AIM OF THE EXERCISE: Transcribe the whole listing exactly; the images stay out.

INPUT DATA:
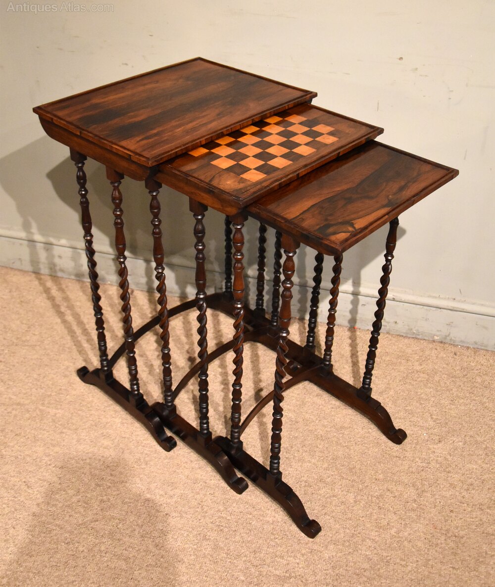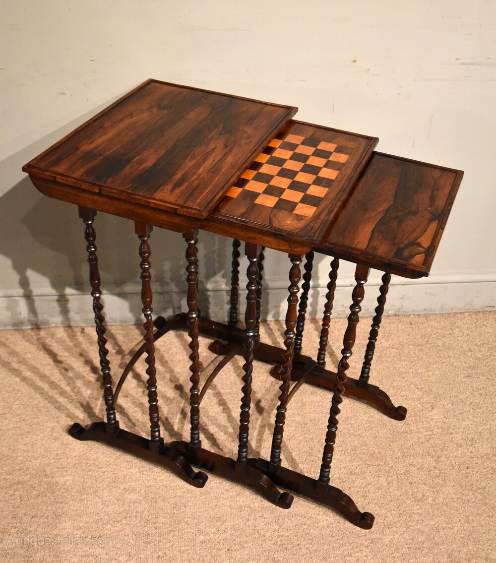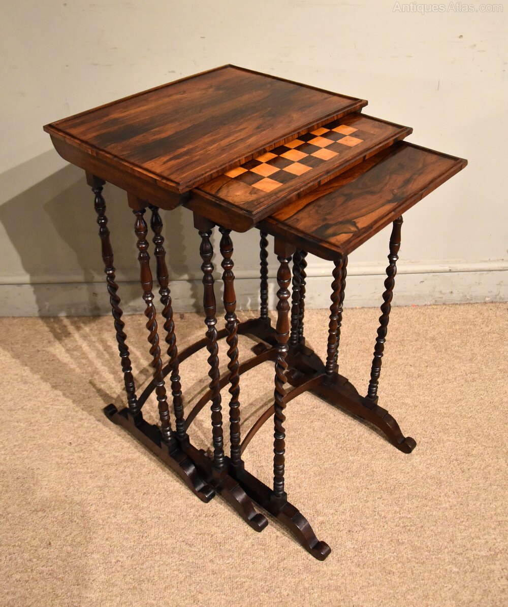 An attractive nest of three Regency period occasional tables in rosewood with a games table raised on unusual superbly turned barley twist supports of stunning rich colour.Dimensions of largest table
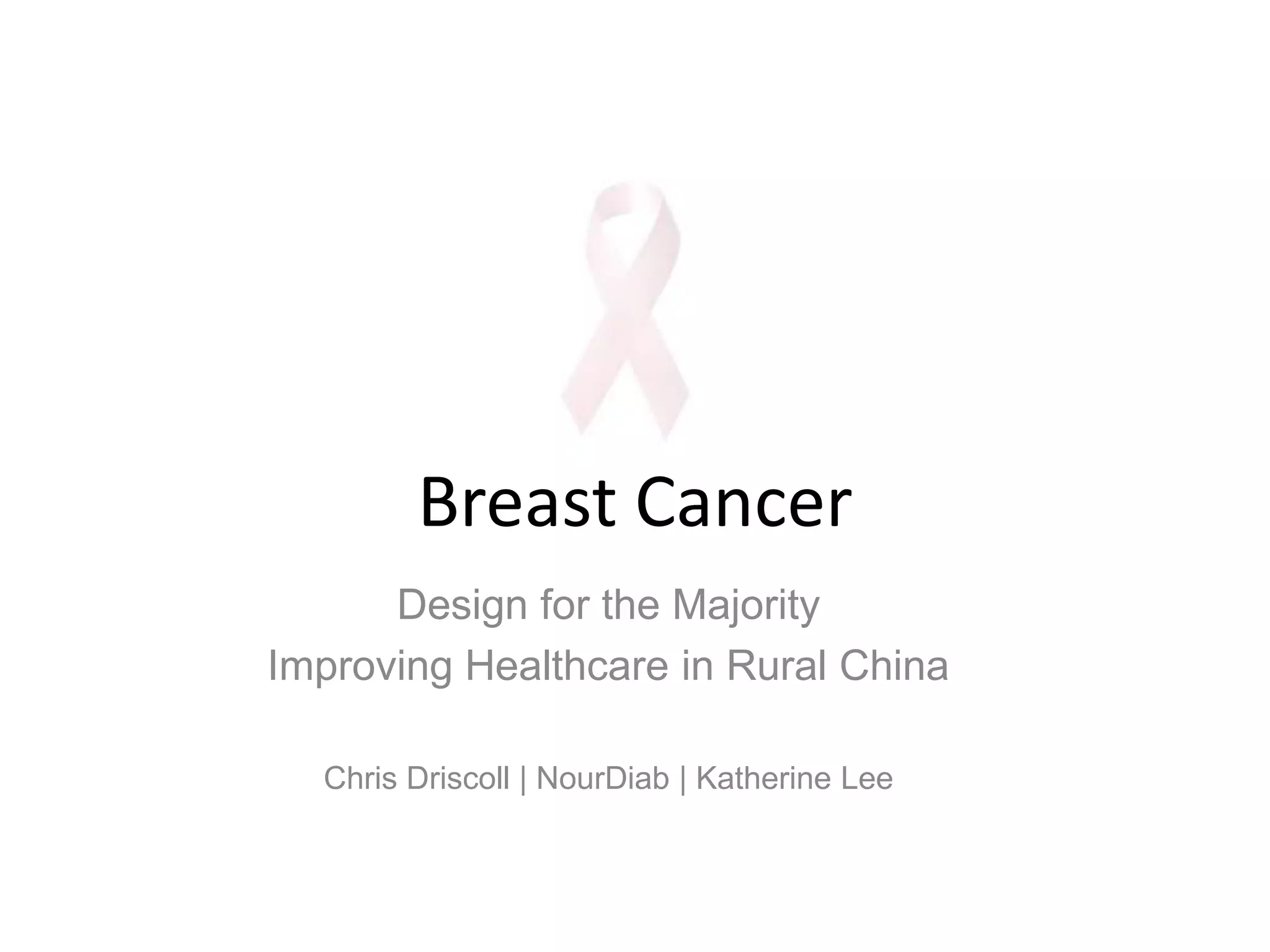 This document proposes solutions to address the growing rates of breast cancer in rural China. It aims to provide education on breast cancer causes and prevention, offer screening resources, and support patient communities. Key challenges include effective information dispersal in rural areas and developing affordable screening. Research found lack of healthcare information and links between lifestyle, diet, and cancer. The proposal is a mobile clinic with examination rooms, medical equipment, and telemedicine for education, primary care, screening, and treating simple diseases. Shipping containers are suggested for their sustainability, low-cost, and adaptability.
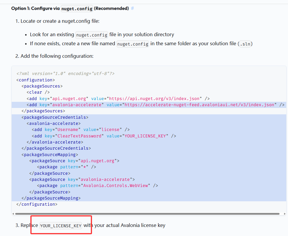 这里的LINCENSE_KEY没有,直接访问这个https://accelerate-nuget-feed.avaloniaui.net/v3/index.json地址也需要一个账户名密码,目前卡住,无法继续进行。
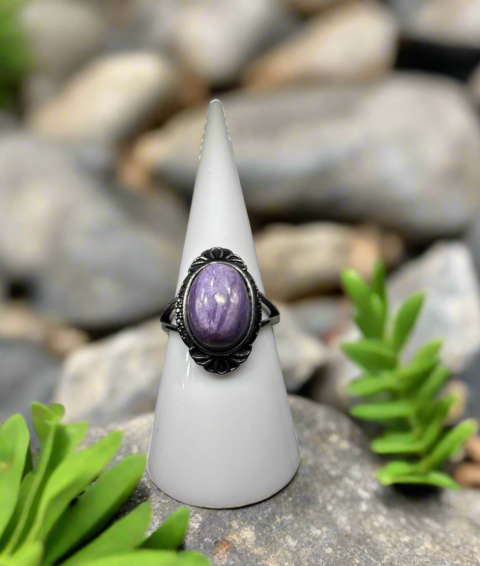 Elevate your style with the Natural Charoite Ring #1, featuring a stunning, rare purple charoite stone known for its unique swirling patterns. This ring not only adds a touch of elegance but also makes a distinctive statement with its vibrant colors. Perfect for those who appreciate natural beauty and handcrafted quality, it enhances any outfit while offering a meaningful accessory you’ll cherish.

EXERCISE OUTPUT:
 An attractive nest of three Regency period occasional tables in rosewood with a games table raised on unusual superbly turned barley twist supports of stunning rich colour.Dimensions of largest table
 This document proposes solutions to address the growing rates of breast cancer in rural China. It aims to provide education on breast cancer causes and prevention, offer screening resources, and support patient communities. Key challenges include effective information dispersal in rural areas and developing affordable screening. Research found lack of healthcare information and links between lifestyle, diet, and cancer. The proposal is a mobile clinic with examination rooms, medical equipment, and telemedicine for education, primary care, screening, and treating simple diseases. Shipping containers are suggested for their sustainability, low-cost, and adaptability.
 这里的LINCENSE_KEY没有,直接访问这个https://accelerate-nuget-feed.avaloniaui.net/v3/index.json地址也需要一个账户名密码,目前卡住,无法继续进行。
 Elevate your style with the Natural Charoite Ring #1, featuring a stunning, rare purple charoite stone known for its unique swirling patterns. This ring not only adds a touch of elegance but also makes a distinctive statement with its vibrant colors. Perfect for those who appreciate natural beauty and handcrafted quality, it enhances any outfit while offering a meaningful accessory you’ll cherish.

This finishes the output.